Can you recommend a movie without telling anyone to actually see it? Because no sane, remotely tasteful person would tell you to watch Revenge (which opens today in select theaters and everywhere on demand). It’s a ludicrously gory, over-the-top, woman-on-a-rampage grindhouse film. It’s also a midnight movie for the #MeToo era, a radical provocation about female power from debut French filmmaker Coralie Fargeat—and I kind of loved it. Here is an exploitation film that turns exploitation upside down.

Serious caveats: To watch Revenge means withstanding buckets of blood, closeups of torn flesh, and gross-out body horror of the early–David Cronenberg variety. Plus the first 20 minutes or so are simple, old-fashioned exploitation: Jen, a beautiful young American woman played by the model-actress Matilda Lutz, is on a desert hunting vacation with three married French men, one of whom she’s sleeping with. She downs champagne, dances for them a tiny skirt, is raped, chased across the desert, pushed off a cliff, and left for dead.

Revenge opens May 11 in select theaters and everywhere on-demand.

Ew, right? The rape is off screen, but that’s a rare reprieve in a film that forces you to look at things you would rather not. Fargeat shoots her early scenes from a distinctly male-gaze point of view, lingering on Lutz’s body in honeyed light (the film’s palette is lovely, all sandblasted pastels and ocher-blue sky). But this is a set up: In the hour that follows the male gaze will be more or less wiped from the face of the earth.

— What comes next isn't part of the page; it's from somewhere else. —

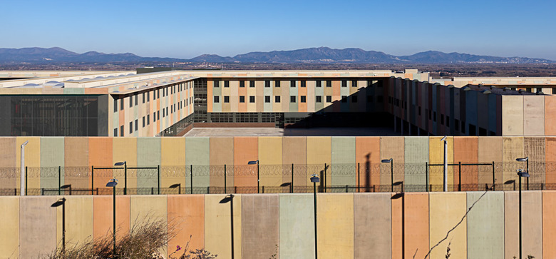 This prison located in the city of Figueres (Alt Empordà) has been designed with the aim of organizing all the activities taking place in it along a central road that crosses transversely the field. This road , which is wide and rich in vegetation acts as the backbone of the prison. On one side of it, is the residential building for the basic activities of prisoners : sleeping, eating and entertainment areas. This building has been divided into 7 units , 32 cells each , has a " u" . There are 2 units , 32 cells each , one for women and one for youth. In total , 512 cells. On the other hand, have placed several separate buildings : the workshop, hospital , cultural center and sports center. The prison is surrounded by a safety zone behind which are placed other buildings for visitor access . Besides functional designs, which are essential in this type of project , it has also taken into account the natural landscape integration, especially in terms of colors and the lights of downtown .

Nothing here is subtle. Jen transforms from victim into rampaging killer after being impaled on a spearlike branch, which extrudes priapically from her lower abdomen. When she finally extracts it—on peyote (don’t ask)—she seals her gaping wound by campfire, Rambo-style, with a red-hot beer can emblazoned with the image of a phoenix.

A still from Revenge.

Meanwhile the men realize she’s maybe not dead and head out by SUV, ATV, and motorbike to finish her off. Jen turns the tables on them one by one via hunting knife and shotgun. Amid the juvenile gore (head explosions, ears blown off, a foot sliced open) Fargeat crafts scenes of exquisite suspense and ably upends convention by turning macho men into vulnerable victims. Have you ever seen an action film which climaxes with a clothed woman hunting down a fully nude man? That’s the final 15 minutes of Revenge—dueling shotguns, gallons of blood, abundant penis. Call it the female gaze.